## Exercise instructions:
Your task is to retype, exactly, the line containing "This canvas art" and every later line through the end of the listing, with pictures omitted.

## Material provided:
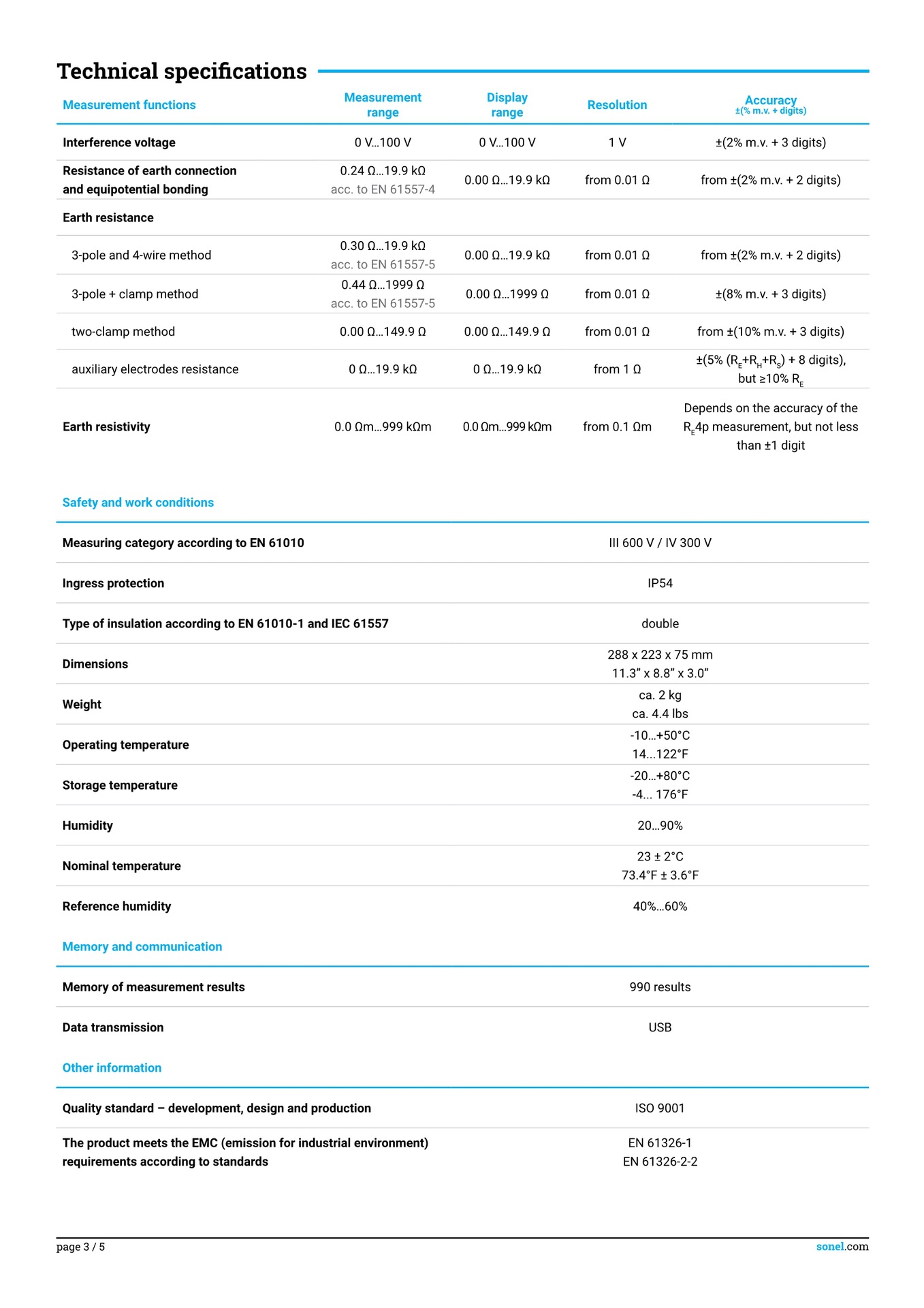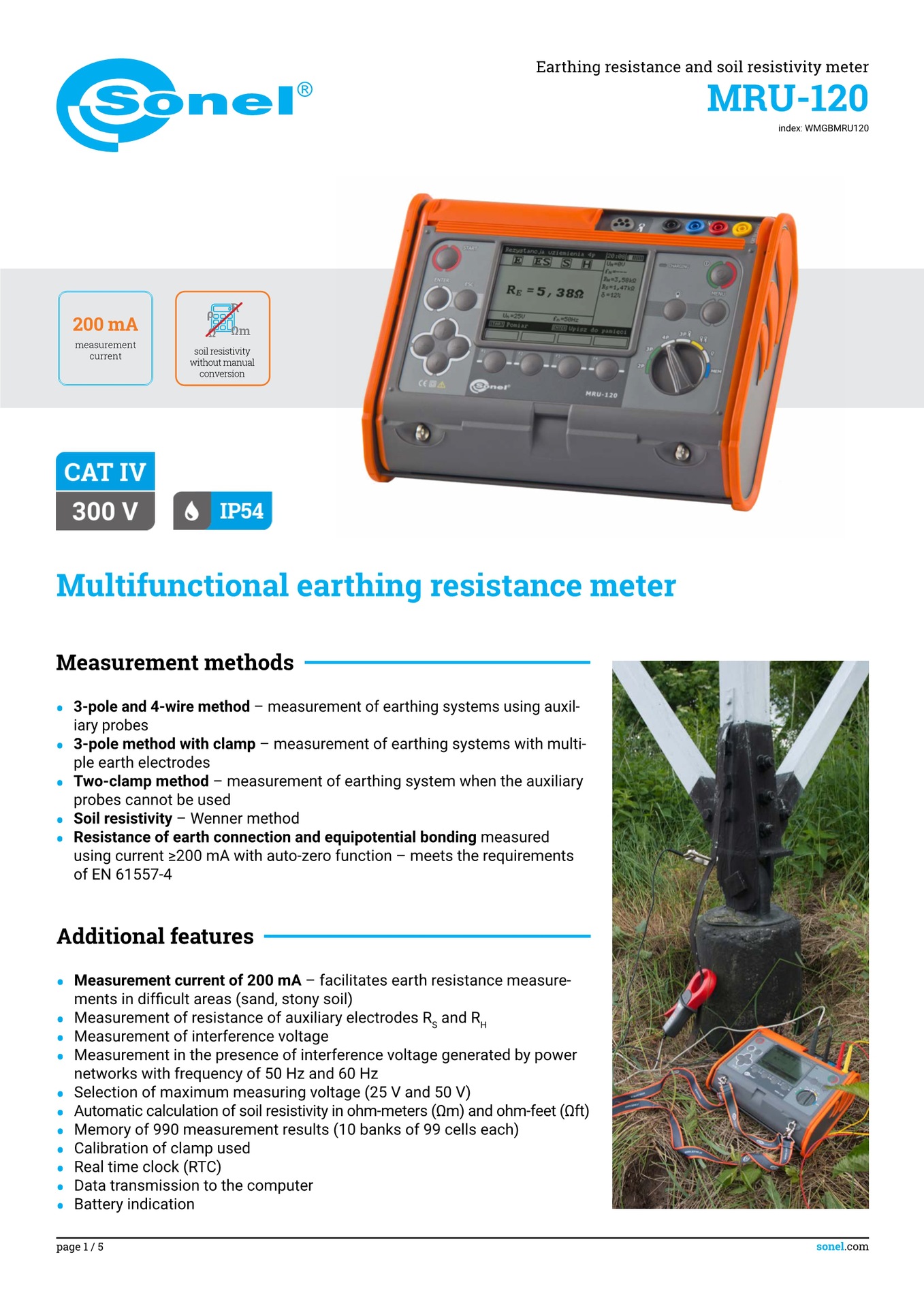 폴란드 SONEL S.A. (SONEL) MRU-120 접지 저항 검사자 수입 단층 탐지기
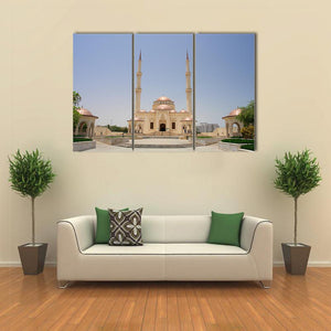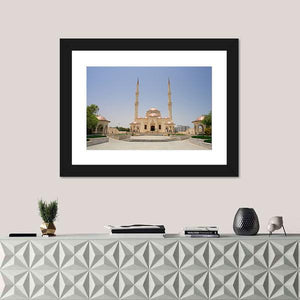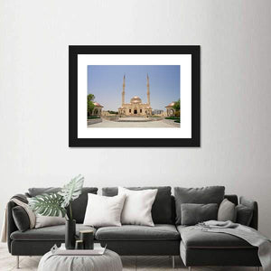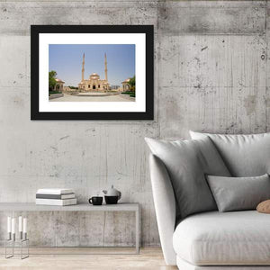 This canvas art captures the serene beauty of the Sultan Taymoor Grand Mosque, featuring its grand dome and ornate minarets against a clear blue sky. Ideal for adding a peaceful touch to your space.
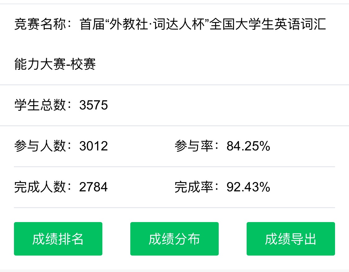 首届 “外教社·词达人杯”全国大学生英语词汇能力大赛校赛圆满拉下帷幕。beat365vip官网登录入口3575名学生于427日晚7点云端竞技,通过“词达人”微信公众号平台,进入赛事通道参与即时竞赛。直至晚8点,beat365共2784名同学完成初赛阶段比拼,完成率高达92.43%
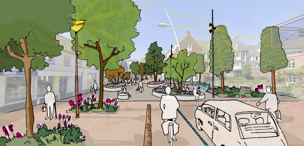 - Het vergroenen van het centrum, zodat het gebied aantrekkelijker en beter toegankelijk wordt en hittestress en wateroverlast afnemen.

## Written reply:
 This canvas art captures the serene beauty of the Sultan Taymoor Grand Mosque, featuring its grand dome and ornate minarets against a clear blue sky. Ideal for adding a peaceful touch to your space.
 首届 “外教社·词达人杯”全国大学生英语词汇能力大赛校赛圆满拉下帷幕。beat365vip官网登录入口3575名学生于427日晚7点云端竞技,通过“词达人”微信公众号平台,进入赛事通道参与即时竞赛。直至晚8点,beat365共2784名同学完成初赛阶段比拼,完成率高达92.43%
 - Het vergroenen van het centrum, zodat het gebied aantrekkelijker en beter toegankelijk wordt en hittestress en wateroverlast afnemen.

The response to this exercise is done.